Alkaline phosphatase (ALP) is an enzyme found throughout the body and is routinely measured as part of a common blood test panel. A significantly elevated level of this enzyme in the blood can point toward various underlying health issues, most often related to the liver or bones. This article explores the biological role of ALP, defines the thresholds for concern, and outlines the conditions that can lead to a dangerously high result.
Understanding Alkaline Phosphatase (ALP)
Alkaline phosphatase plays a role in numerous bodily functions, primarily by breaking down phosphate molecules. This process is important for cellular metabolism and the mineralization of bone. Since the enzyme is made in several different organs, a high reading on a standard blood test is not immediately diagnostic on its own.
The enzyme exists in different forms, known as isoenzymes, which originate from specific tissues. The liver and bones are the two largest contributors of ALP to the bloodstream. Smaller amounts are also produced in the intestines and, temporarily, in the placenta during pregnancy. This multi-source nature means that an elevated level requires further investigation to pinpoint the exact tissue responsible for its production.
Defining Elevated and Dangerously High Levels
The normal range for alkaline phosphatase in adults typically falls between 44 and 147 International Units per Liter (IU/L), though this range varies slightly by laboratory. Any result exceeding the upper limit is considered elevated, but it is not immediately alarming unless the increase is substantial. A “dangerously high” level is generally considered three to four times the upper limit of normal, potentially exceeding 500 U/L, and may indicate a serious underlying disease. Levels can sometimes reach 10 times the upper limit, especially in cases of complete bile duct blockage.
Not every elevated ALP result signifies a serious medical condition. Children and adolescents naturally have much higher ALP levels due to rapid bone growth during puberty, as the enzyme is involved in bone formation. ALP levels also rise significantly during the third trimester of pregnancy due to placental production, sometimes reaching three times the normal adult limit. Even a fatty meal consumed before the blood draw can cause a temporary, mild increase from the intestinal source.
Primary Causes of Pathological Elevation
Pathological causes of a sustained, significantly elevated ALP level are typically categorized by the organ system involved. These causes most commonly relate to issues in the liver or the skeleton.
Liver and Biliary System Issues
A high ALP level from the liver source often indicates a problem with the bile ducts, which is a condition known as cholestasis. Bile duct obstruction, caused by gallstones, scar tissue, or tumors, is a common reason for a dramatic rise in ALP. When the flow of bile is blocked, the pressure causes the liver cells lining the ducts to produce and release large amounts of ALP into the bloodstream.
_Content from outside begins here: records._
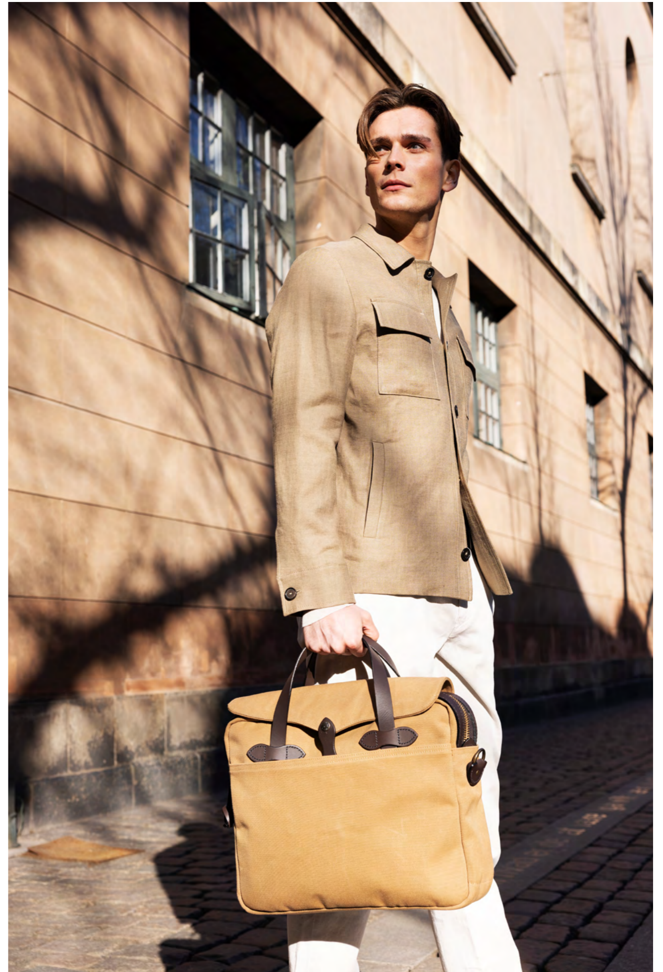
Dressler Skjortejakke 4.700 kr.
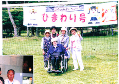
H17.7.7 「走れ! ひまわり号」運行ボランティア(厚岸少年自然の家)
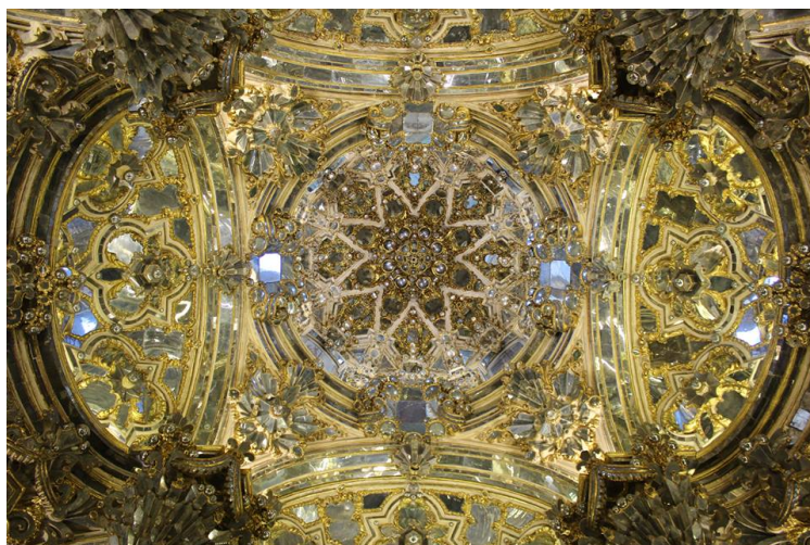
Fig.15. Bóveda de espejos de la sala central del camarín , autor desconocido, entre 1727 y 1773. Camarín de Nuestra Señora del Rosario, Iglesia de Santo Domingo, Granada.
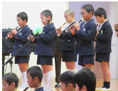
リコーダーの音色がきれいです(3年)
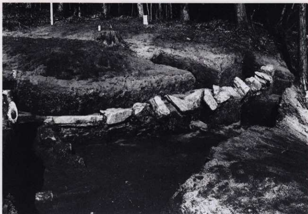
平場 2 石積 1
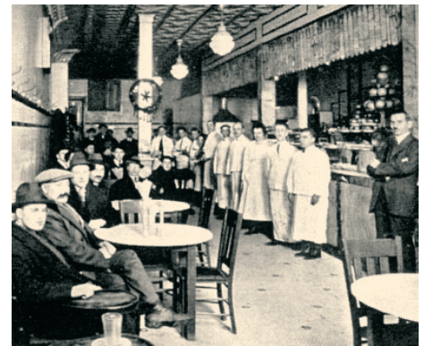
Olympia Café στο Μόντρεαλ, (1921).
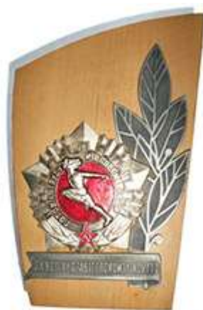
ЗНАК «ЗА УСПЕХИ В РАБОТЕ ПО КОМПЛЕКСУ ГТО»
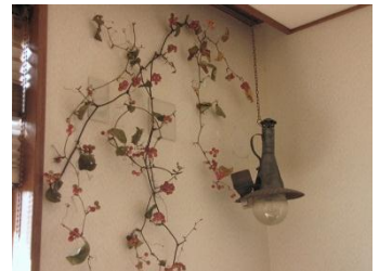
エアコンのコンセント跡は、近くの山の木でかわいく目隠し。

また、ウッドデッキの設置に伴いエアコンの位置を変更。配管跡が残りましたが、そこは奥様のセンスの良さでカバー。赤い実の付いた木で可愛らしく壁面アート。
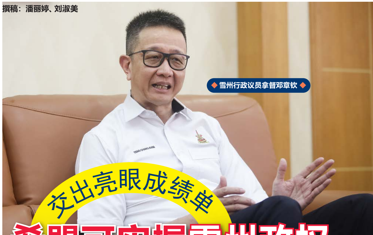
雪州行政议员拿督邓章钦

Diffuse liver diseases, such as advanced cirrhosis (scarring of the liver) and various forms of hepatitis, can also lead to increased ALP, but the highest elevations are usually seen with obstructive issues. Drug-induced liver injury, caused by certain medications or supplements, can similarly disrupt bile flow and elevate the enzyme.
Bone Disorders
The second major source of pathologically elevated ALP is the bone, where the enzyme is made by osteoblasts, the cells responsible for building new bone tissue. Any condition that causes an abnormal or accelerated rate of bone turnover will lead to a rise in the bone-specific ALP isoenzyme. Paget’s disease of bone, a chronic disorder of excessive bone breakdown and regrowth, is a classic cause of very high ALP levels.
Other skeletal conditions that cause significant elevation include bone cancers, both primary and metastatic (cancer that has spread to the bones from another site). Disorders that affect bone mineralization, such as osteomalacia and hyperparathyroidism, which affects calcium regulation, can increase ALP as the body attempts to repair or rebuild bone tissue. ALP levels may also be temporarily elevated during the healing process of a recent bone fracture.
Next Steps in Diagnosis and Investigation
When a dangerously high ALP level is detected, the immediate medical priority is to determine the source of the enzyme elevation. A simultaneous measurement of another liver enzyme, Gamma-Glutamyl Transferase (GGT), is the initial step in this process. Both ALP and GGT are typically elevated in liver and biliary diseases, particularly those involving bile duct blockage.
If the ALP level is high but the GGT level is within the normal range, the source of the elevation is highly likely to be the bone or a non-hepatic source, effectively ruling out a primary liver problem. If both ALP and GGT are elevated, the next step involves imaging studies, such as an abdominal ultrasound or CT scan, to visualize the liver and bile ducts for signs of obstruction. If the cause remains unclear, a test called ALP isoenzyme analysis can be performed to directly measure the amount of enzyme coming from the liver versus the bone. The treatment for a high ALP level is not to lower the enzyme itself, but to treat the underlying condition that is causing the abnormal enzyme production.